「教育」「指導」の際は、ゴールを絶えず意識しましょう!
- 2010年8月23日 09:41
日々コンサルティングをする中で、経営者の方によく「厳しく指導してください」ということを言われます。その経営者の方を見ていると、確かによく「怒っている」ようなのですが、「厳しく」と「怒る」というのは違います。
「怒る」ことでスタッフが育てばいいのですが、「怒る」とその場では行動しますが、その行動が長続きしませんし、また、仕事も「とりあえずやりました」という質の低い仕事になってしまいます。
指導することは、「怒ること」「ダメだしすること」だと勘違いしている方がいますが、それではスタッフは育ちません。
スタッフを教育する際には、やはり、「教育」「指導」のゴールを意識すべきで、そのゴールとは「スタッフが自分で考えて行動できる」ということでしょう。
仕事ができるようになったと言っても、上司の指示がなければ動けないようなスタッフではそれは一人前とは言えません。アルバイトであれ、「教育」「指導」することで「自分で考えて行動できる」ようにならなければ、店の戦力とはならないわけです。
ですから、常に「先」つまり、「教育のゴール」を意識して教育・指導することが大切になるわけです。
そこで、意識して欲しいのは、「相手を認めてあげる(承認)」という行為を積極的に行うということです。
人は人に認められたときに、自信がつき、それが次への行動につながりやすくなります。どんな仕事をしてもいつもダメだしばかりでは、自信もつきませんし、次への行動へも繋がりにくくなります。

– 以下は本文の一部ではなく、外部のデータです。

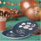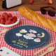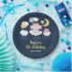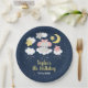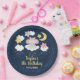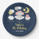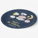 This cute and whimsical plate features an adorable baby elephant in a pink bow sitting on a cloud with falling stars. In the background is a starry night sky and crescent moon. The text combines handwritten script and sans serif fonts for a stylish and modern look. This is perfect for a birthday party.

少しでもできるようになれば、あるいは、少しでも成果がでれば、その部分をどんどん認めてあげましょう。そして、自信をつけさせて、その上で次はこうしてみようなどと次へ繋がるような指導をしてあげましょう。
ただ、注意すべきことは、「相手を認めてください」と話すと、「ダメな部分、できていない部分については何も言ってはいけないのでしょうか?」と質問されることがありますが、「できていない」ことに関しては厳しく指摘すべきでしょう。それをしっかり指摘できないと反対に相手は、「こんなもんでいいんだ」と仕事自体を甘く見てしまう可能性があるからです。
「できている」部分をきちんと認めてあげ、「できていない」部分をきちんと指摘してあげる。これが教育・指導なのです。
そしてもう一つ、できるだけ「自分で考えさせる」クセをつけさせるように意識して指導するようにしましょう。
指示ばかりだすことが指導ではありません。指示してできたことを認めてあげても(最初はOKですが・・)、スタッフの成長には繋がりません。自分で考えて行動できたことに対して、「認めてあげる」と自信がつきますし、次への行動へも繋がるのです。
そのためにも、「どうしたらいいと思う?」とか「何が問題だろう?」とか「どうしたらお客様が喜んでくれるだろう?」とか「これでお客様は喜んでくれるだろうか?」など、相手を考えさせるような質問を意識して使うようにしてみましょう。
これらの質問によって相手を考えさせることにも繋がります。ただ、これまた注意が必要なのは、考えさせるのはいいのですが、そこで教える側が答えを誘導しないことです。
ついつい待てなくて答えを誘導する上司の方がいますが、これでは相手を考えさせることには繋がりません。「待つこと」も指導する際の大事なポイントなのです。
指導する立場に立つ方は、常に「教育」「指導」のゴールを意識して、そのために今どんな指導をすべきかを「教える側」も絶えず考えながら指導するようにしてみましょう!